Paul F. Cranefield, M.D., Ph.D. was the Editor of The Journal of General Physiology for 30 years, from 1966 to 1995. During this time, he worked incessantly to further the mission of the journal: to promote and publish studies at the interface between biology, chemistry, and physics to obtain insights into fundamental mechanisms that underlie biological function at all levels.
When Paul stepped down as Editor, the Council of the Society of General Physiologists discussed how best to acknowledge his numerous contributions to The Journal and, thus, to the Society. In the end, it was decided to institute a Paul F. Cranefield Award, which should go to a young investigator who in the preceding year had published an article of exceptional quality in The Journal. The award would be given at the Annual Meeting and Symposium of the Society, which takes place in Woods Hole, Massachusetts. It also was decided that the criteria for selecting the awardee should be so stringent that the award might not be given every year.
I am pleased to say that despite these high standards, there were many outstanding candidates. Nevertheless, one stood out, namely David D. Friel, from the Department of Neuroscience at Case Western Reserve University School of Medicine, who has made many important contributions toward understanding cellular Ca2+ dynamics. Dr. Friel accepted the Award at the September 2001 meeting of the Society.

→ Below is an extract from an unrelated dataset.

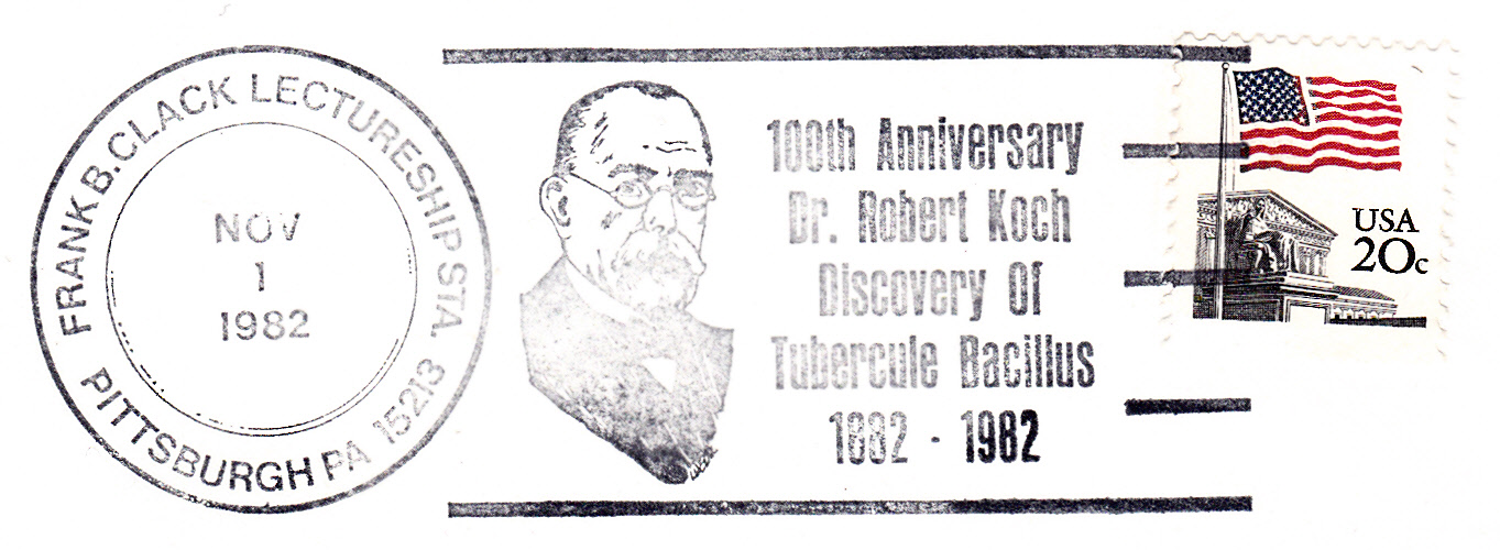 Dieser Stempel aus Pittsburgh vom 1. November 1982 zeigt Robert Koch im Bild. Anlass des Stempels ist der 100. Jahrestag der Entdeckung des Tuberkulose-Erregers.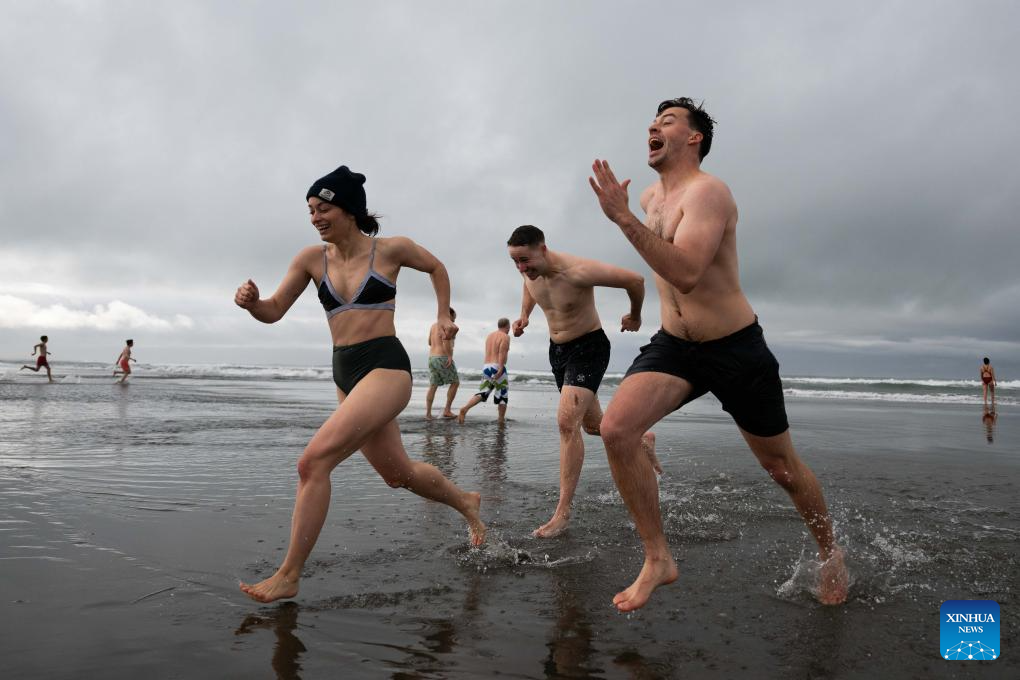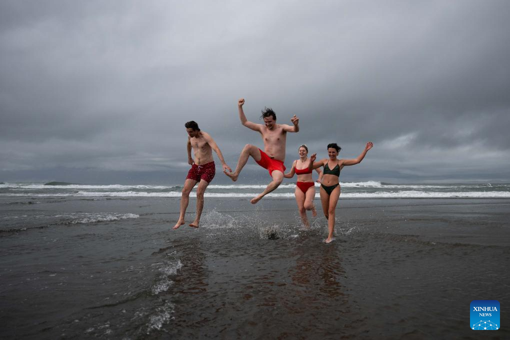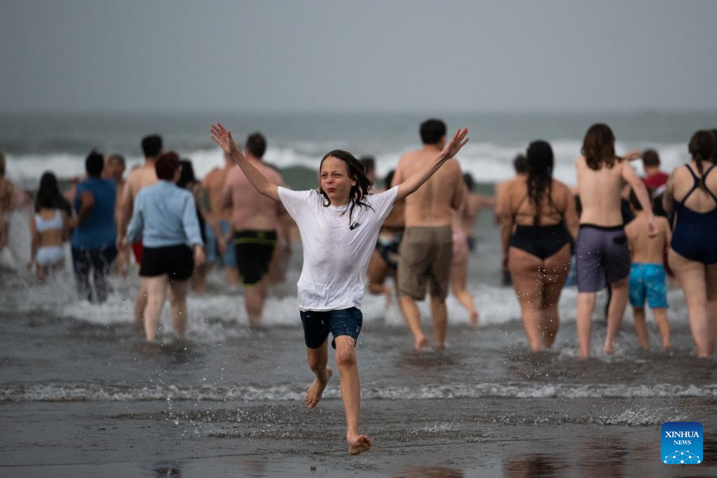 People play in the water to celebrate the New Year in San Francisco, California, the United States, Jan. 1, 2026. (Photo by Ziyu Julian Zhu/Xinhua)

Dr. Friel received his Ph.D. from the University of Chicago, in the laboratory of Richard J. Miller, where he worked on the effects on neuropeptide Y on intestinal epithelial transport. He received his postdoctoral training with Bruce P. Bean, where he worked on ATP-activated currents (including what now is known as P2X currents), and with Richard W. Tsien, where he first provided conclusive evidence for anomalous mole fraction effects in single voltage-dependent calcium channels. Then, he began the work that has occupied him since then, namely, cellular Ca2+ dynamics and the interplay between plasma membrane and organellar Ca2+ movements. Cytoplasmic [Ca2+] in the presynaptic nerve terminal is an important regulator of synaptic transmission, and cytoplasmic Ca2+ oscillations in the postsynaptic neuron are important for long-term changes in synaptic transmission. The dynamics of the cytoplasmic Ca2+ oscillations are determined by both plasma membrane and organellar transport events, and Dr. Friel has pursued this important problem through technically demanding experiments and detailed modeling. Dr. Friel and his coworkers have, in a series of what will become classic articles on the Ca2+ dynamics in intact neurons, demonstrated how the mitochondria and the ER cooperate in the regulation of cytoplasmic [Ca2+]. In the March 2000 issue of The Journal Dr. Friel and his colleagues (S.L. Colegrove and M.A. Albrecht) showed how the complex time course of the cytoplasmic Ca2+ transient after a depolarization-induced Ca2+ influx was influenced by two mitochondrial Ca2+ transporters: an early catalyzed diffusion into the mitochondrial matrix, mediated by a Ca2+ uniporter; and a subsequent active extrusion, mediated by a Na+/Ca2+ exchanger. The plasma membrane Ca2+ influx dynamics was “simplified,” by the use of controlled, steady depolarization pulses imposed by the permeabilized patch method, which made it possible to derive a relatively simple model of the combined action of the mitochondrial uniporter and exchanger. One of the unexpected conclusions of this work was that small depolarizations could alter Ca2+ in the mitochondrial matrix, with little effect on the cytoplasmic [Ca2+], which provides for a novel mechanism for coupling membrane activity to intracellular metabolism. We were most pleased to publish this work.
But that is not all, in two articles published in the July 2001 issue, M.A. Albrecht, S.B. Andrews, S.L. Colegrove, D.D. Friel, J. Hongpaisan, R.D. Leapman, and N.B. Pivarova explored the interrelationship between the ER and mitochondrial Ca2+ handling, in which they provided a comprehensive analysis of the contributions of the ER to cellular Ca2+ dynamics. One of the surprising results of this work was the demonstration of intracellular gradients in the Ca2+ loading by the ER. Moreover, the total Ca2+ load in the ER is much larger than in cytoplasm, whereas there is virtually no Ca2+ in the mitochondrial matrix under resting conditions. The ER and the mitochondria play important, but complementary, roles in cellular Ca2+ metabolism. The relative contributions of these, and other, components in the overall Ca2+ dynamics will occupy many investigators for years to come; but Dr. Friel has already demonstrated his position in the field.